The social dynamics of ethnocentric charge and countercharge are confined almost exclusively to the cultural wars over values and their scope. Social power and the relative positionings of those charging and charged remain largely unaddressed. And yet power is at the heart of the ethnocentric concern, in both its universalistic versions, to maintain and refine social homogeneity. The most extreme form of ethnically predicated and produced homogenization is reflected in the phenomenon of "ethnocratic states." These are states in which a single ethnically defined or self-ascribed group seeks, and seeks to maintain, power on just those terms (Yiftachel, 2002, 2004). In the self-defining extreme, ethnocratic states are keen to remove all those identified within as "minorities" who refuse or (more likely) are refused to join or affirm the dominant conception of social value and belonging, the common "nation-state." The ethnocratic state takes itself to be born out of a single, common history, cultural legacy, language, religious tradition, and racial kinship. Consider, for example, the radical Romanian nationalist Radu Sorescu who first defined the "ethnocratic state" as an aspiring commitment, in his case for Romania in the 1930s (Dreapta). The ethnocratic state thus conceived fashions a peculiar sort of state personality, mixing the perceived need to defend society against or "clean" it of threatening heterogeneities with the related concern to claim power by asserting it over those deemed inferior or immature, distinct or detrimental.
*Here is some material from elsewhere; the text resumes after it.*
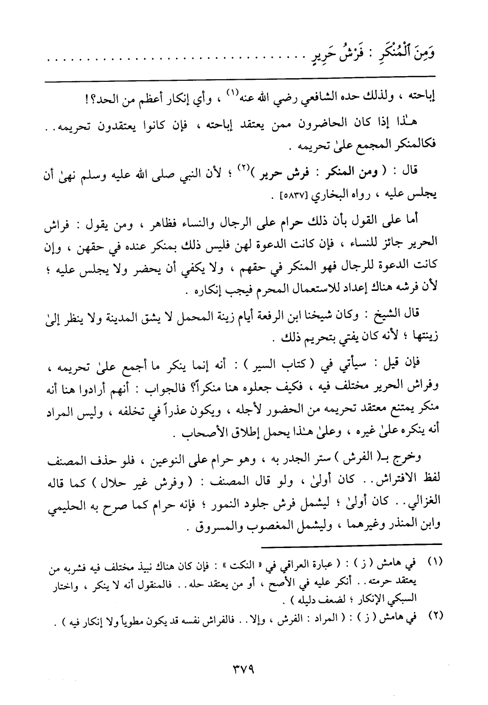 وَمِنَ اَلْمُنْكَرِ: فَرْشُ حَرِيرٍ

Ethnocentrism as a concept fails in its self-assured lack of relational analysis. It refuses, by extension, any engagement with relations of social power and differentiated social positionings that has been the mark, by contrast, of race critical theory (Essed and Goldberg).

BIBLIOGRAPHY

Barger, Ken. "Ethnocentrism: What Is It? Why Are People Ethnocentric? What Is the Problem? What Can We Do about It?" 2003. Available at http://www.iupui.edu/~anthkb/ethnocen.htm

Carmichael, Stokely, and Charles Hamilton. Black Power: The Politics of Liberation in America. New York: Random House, 1967.

Dreapta, Noua. "The Romanian Ethnocratic State." In Fascism, edited by Roger Griffin, 207–209. Oxford and New York: Oxford University Press, 1995.

Essed, Philomena, and David Theo Goldberg, eds. Race Critical Theories: Text and Context. Oxford: Blackwell, 2001.

Goldberg, David Theo. The Death of Race. Oxford: Blackwell, 2005.

——. The Racial State. Oxford: Blackwell, 2002.

Mamdani, Mahmood. When Victims become Killers: Colonialism, Nativism, and the Genocide in Rwanda. Princeton, N.J.: Princeton University Press, 2001.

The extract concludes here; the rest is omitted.